Acta Univ. Agric. Silvic. Mendelianae Brun. 2011, 59, 91-100

https://doi.org/10.11118/actaun201159030091
Published online 2014-06-14

Wood moisture monitoring during log house thermal insulation mounting

Pavla Kotásková1, Zdeňka Havířová2

1Ústav tvorby a ochrany krajiny, Mendelova univerzita v Brně, Zemědělská 1, 613 00 Brno, Česká republika
2Ústav základního zpracování dřeva, Mendelova univerzita v Brně, Zemědělská 1, 613 00 Brno, Česká republika

The current designs of thermal insulation for buildings concentrate on the achievement of the required heat transmission coefficient. However, another factor that cannot be neglected is the assessment of the possible water vapour condensation inside the construction.
The aim of the study was to find out whether the designed modification of the cladding structure of an existing log house will or will not lead to a risk of possible water vapour condensation in the walls after an additional thermal insulation mounting. The condensation could result in the increase in moisture of the walls and consequently the constructional timber, which would lead to the reduction of the timber construction strength, wood degradation by biotic factors – wood-destroying insects, mildew or wood-destroying fungi. The main task was to compare the theoretically established values of moisture of the constructional timber with the values measured inside the construction using a specific example of a thermal insulated log house. Three versions of thermal insulation were explored to find the solution of a log house reconstruction which would be the optimum for living purposes.

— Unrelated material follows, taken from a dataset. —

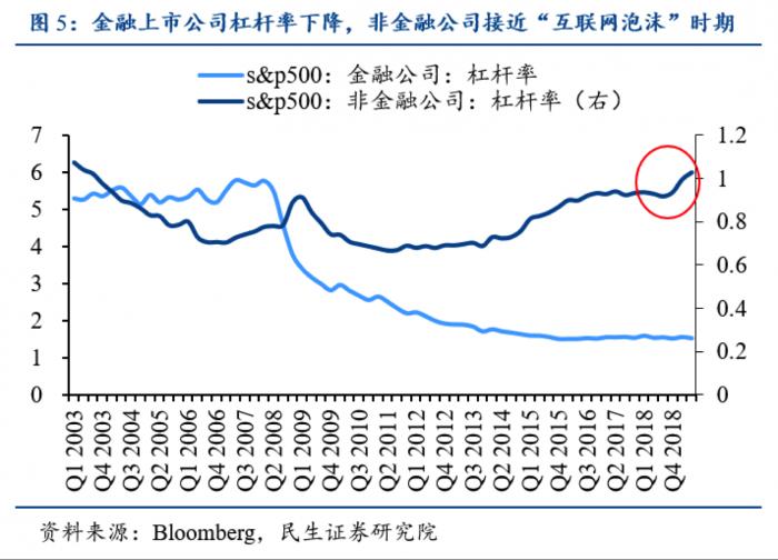 金融上市公司杠杆率低位运行,非金融上市公司杠杆率突破上轮峰值。受金融危机和监管趋严的影响,金融上市公司先是在2008年经历了大规模去杠杆,然后继续压缩自身的杠杆率。相反,非金融上市公司的杠杆率波动在金融危机中相对较低,2009年的杠杆率峰值低于互联网泡沫时期的水平。

Two versions deal with the cladding structure with the insulation from the interior, the third version deals with an external insulation.
In a calculation model the results can be affected to a great degree by input values (boundary conditions). This especially concerns the factor of vapour barrier diffusion resistance, which is entered in accordance with the producer’s specifications; however, its real value can be lower as it depends on the perfectness and correctness of the technological procedure. That is why the study also includes thermal technical calculations of all designed insulation versions in the most unfavourable situation, which includes the degradation of the vapour barrier down to 10% efficiency, i.e. the reduction of the diffusion resistance factor to 10% of the original value.
Moreover, the dependence of the weight moisture of timber inside the insulated cladding on temperature-moisture changes in the internal and external ambient environment was examined.